Implanted animals and recording experiments: (a) Chronic decerebrate frog with laminectomy and mounted electrode (freely moving). The frog had a chronic BMEP implanted, which had the 22 channels with 12.7μm Nichrome wires, into the spinal cord. The tether of BMEP was fixed to the muscle with 5-0 silk suture at two positions. (b) Acute decerebrate rat with electrodes in place in spinal cord. The rat had the acute BMEP implanted into the spinal cord. The EIB is on the multiple EIB holder at the left bottom. The golden shining line in the air between the EIB and the spinal cord is the tether of BMEP. In this test, we used a 12 channel BMEP with 9.6μm Nichrome wires. (c) Neural spikes from the data recorded from one freely moving decerebrate frog’s spinal cord. 3 different types of spikes sorted by the K-mean sorting algorithm are shown. (d) We obtained the same types of sorted spikes consistently across 2 consecutive days. (e) The continuous signal and spikes recorded from rat’s spinal cord with the 12 channel BMEP with 9.6μm Nichrome wires.

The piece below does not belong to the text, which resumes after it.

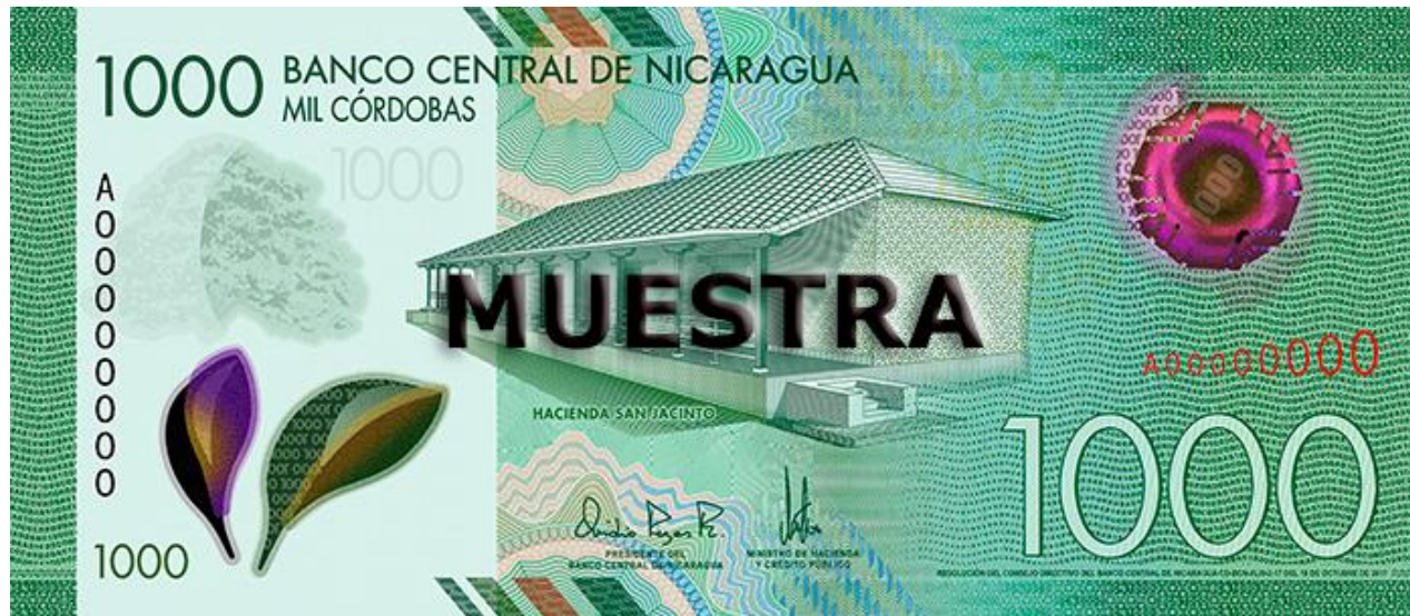
Anverso (Hacienda San Jacinto)

The red lines are the positions of sorted spikes shown in (f). (f) Sorted spikes in the rat. Spikes were sorted by the K-mean sorting algorithm. The average peak-to-peak voltage of the spikes was 166.4μV (at SNR = 5.4).

2.3.3. Rat Experiment

The purpose of this experiment was to record neural activity from the spinal cord during airstepping locomotion evoked by stimulation of the mesencephalic locomotor region (MLR) in decerebrate rats. For this, we used 12-channel BMEPs made of 9.6μm Nichrome wires with a braid length of 1.5mm and a tether length of 8cm. A tungsten electrode was inserted into the brain for MLR stimulation after decerebration and laminectomy, and then the BMEP was inserted into the spinal cord. The rat was mounted on a custom stereotaxic frame and only the head and pelvis were fixed to let the rat’s body and fore & hind limbs move freely. The head was fixed with ear bars and a mouth piece and the pelvis was fixed to a metal bar through a preinstalled, custom pelvic implant. Recording was performed for 30 seconds during MLR stimulation.

3. Results

3.1. Bending forces of microelectrodes

3.1.1. Bending forces of electrode bodies

The averages of the voltage changes recorded during the bending test were calculated and converted to bending forces using equation (1). The bending forces were converted to bending stiffnesses using equation (2). To compare the 50μm single wire with the BMEPs, we calculated the relative compliance ratio (RCR) by dividing the BS of a 50μm single wire by the BS of the BMEP. The results are shown in table 1 and figure 5.

Table 1.

Bending force and stiffness of electrode bodies by 500μm lateral deflection at 4mm.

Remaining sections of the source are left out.